▶ Your instructions
Your answer must be the exact lines below, starting with the line with "วันที่ 25 พฤศจิกายน" and going on through the line with "4-комн. кв., 100.4 м², 2/53 этаж", both included, with no pictures.

▶ Dataset extract

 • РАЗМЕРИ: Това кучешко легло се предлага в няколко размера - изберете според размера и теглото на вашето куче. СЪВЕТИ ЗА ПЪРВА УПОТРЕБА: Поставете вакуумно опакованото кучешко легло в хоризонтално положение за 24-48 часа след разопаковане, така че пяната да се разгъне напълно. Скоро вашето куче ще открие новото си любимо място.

---

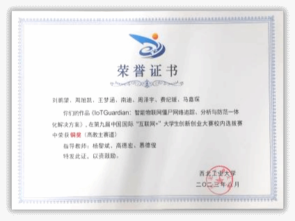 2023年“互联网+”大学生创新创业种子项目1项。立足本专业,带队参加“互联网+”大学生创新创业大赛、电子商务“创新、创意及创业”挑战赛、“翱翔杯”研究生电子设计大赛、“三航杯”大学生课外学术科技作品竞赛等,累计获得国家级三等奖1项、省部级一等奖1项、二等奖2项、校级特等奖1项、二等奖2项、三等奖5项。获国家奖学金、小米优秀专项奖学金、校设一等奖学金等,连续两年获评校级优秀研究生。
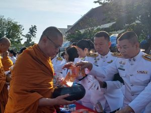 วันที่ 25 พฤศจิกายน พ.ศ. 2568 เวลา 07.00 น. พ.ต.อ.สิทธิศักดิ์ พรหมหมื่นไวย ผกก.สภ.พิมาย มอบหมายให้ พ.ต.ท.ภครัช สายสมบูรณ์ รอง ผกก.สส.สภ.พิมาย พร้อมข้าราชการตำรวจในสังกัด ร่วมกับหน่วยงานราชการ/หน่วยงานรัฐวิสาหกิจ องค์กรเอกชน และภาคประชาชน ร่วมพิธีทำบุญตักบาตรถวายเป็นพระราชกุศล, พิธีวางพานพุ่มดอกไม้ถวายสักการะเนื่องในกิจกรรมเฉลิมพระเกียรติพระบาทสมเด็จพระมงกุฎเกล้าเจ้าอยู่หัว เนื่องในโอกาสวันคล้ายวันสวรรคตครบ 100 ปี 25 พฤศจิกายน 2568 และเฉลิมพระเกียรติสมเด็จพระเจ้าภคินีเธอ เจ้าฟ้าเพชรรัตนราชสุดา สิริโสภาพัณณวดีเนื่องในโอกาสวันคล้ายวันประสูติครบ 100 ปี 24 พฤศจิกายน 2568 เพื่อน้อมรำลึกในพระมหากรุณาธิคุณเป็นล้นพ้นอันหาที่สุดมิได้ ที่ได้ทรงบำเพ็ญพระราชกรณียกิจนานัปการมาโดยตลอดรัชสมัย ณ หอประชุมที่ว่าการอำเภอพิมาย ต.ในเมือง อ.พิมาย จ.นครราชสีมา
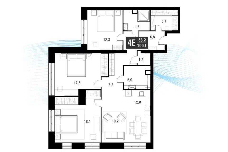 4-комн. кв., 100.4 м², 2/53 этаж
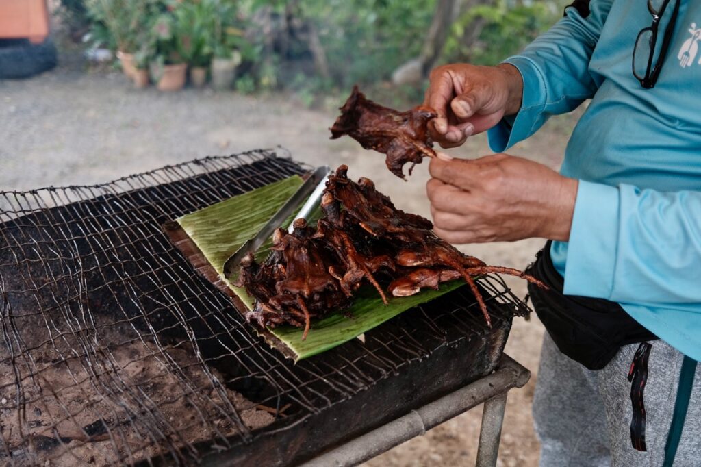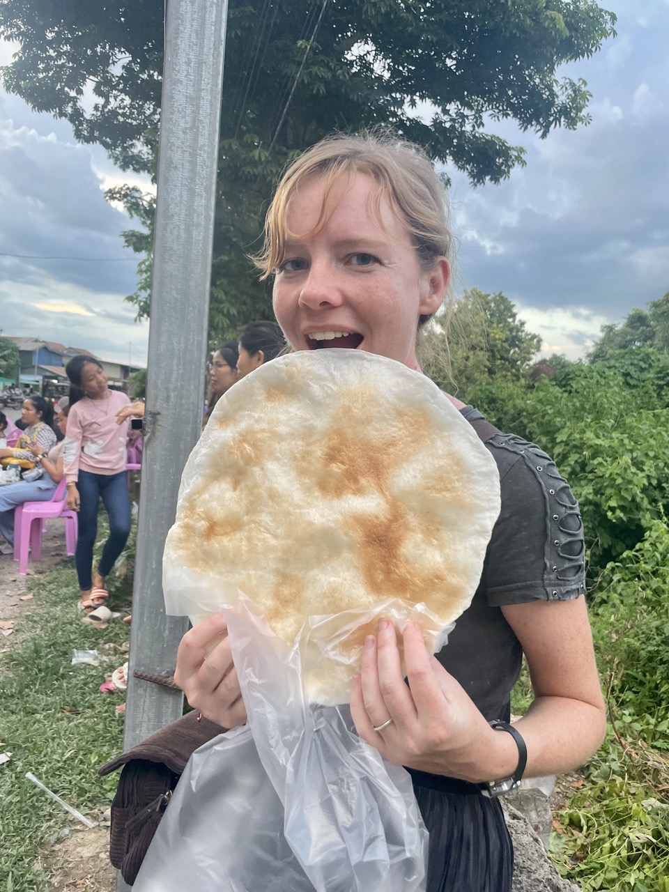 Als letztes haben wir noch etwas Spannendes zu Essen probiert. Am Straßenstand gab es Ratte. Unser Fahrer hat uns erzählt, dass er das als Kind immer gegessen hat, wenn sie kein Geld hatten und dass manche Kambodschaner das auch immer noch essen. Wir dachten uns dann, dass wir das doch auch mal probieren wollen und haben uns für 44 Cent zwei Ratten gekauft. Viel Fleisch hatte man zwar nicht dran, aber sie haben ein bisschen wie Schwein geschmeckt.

▶ Task response
 วันที่ 25 พฤศจิกายน พ.ศ. 2568 เวลา 07.00 น. พ.ต.อ.สิทธิศักดิ์ พรหมหมื่นไวย ผกก.สภ.พิมาย มอบหมายให้ พ.ต.ท.ภครัช สายสมบูรณ์ รอง ผกก.สส.สภ.พิมาย พร้อมข้าราชการตำรวจในสังกัด ร่วมกับหน่วยงานราชการ/หน่วยงานรัฐวิสาหกิจ องค์กรเอกชน และภาคประชาชน ร่วมพิธีทำบุญตักบาตรถวายเป็นพระราชกุศล, พิธีวางพานพุ่มดอกไม้ถวายสักการะเนื่องในกิจกรรมเฉลิมพระเกียรติพระบาทสมเด็จพระมงกุฎเกล้าเจ้าอยู่หัว เนื่องในโอกาสวันคล้ายวันสวรรคตครบ 100 ปี 25 พฤศจิกายน 2568 และเฉลิมพระเกียรติสมเด็จพระเจ้าภคินีเธอ เจ้าฟ้าเพชรรัตนราชสุดา สิริโสภาพัณณวดีเนื่องในโอกาสวันคล้ายวันประสูติครบ 100 ปี 24 พฤศจิกายน 2568 เพื่อน้อมรำลึกในพระมหากรุณาธิคุณเป็นล้นพ้นอันหาที่สุดมิได้ ที่ได้ทรงบำเพ็ญพระราชกรณียกิจนานัปการมาโดยตลอดรัชสมัย ณ หอประชุมที่ว่าการอำเภอพิมาย ต.ในเมือง อ.พิมาย จ.นครราชสีมา
 4-комн. кв., 100.4 м², 2/53 этаж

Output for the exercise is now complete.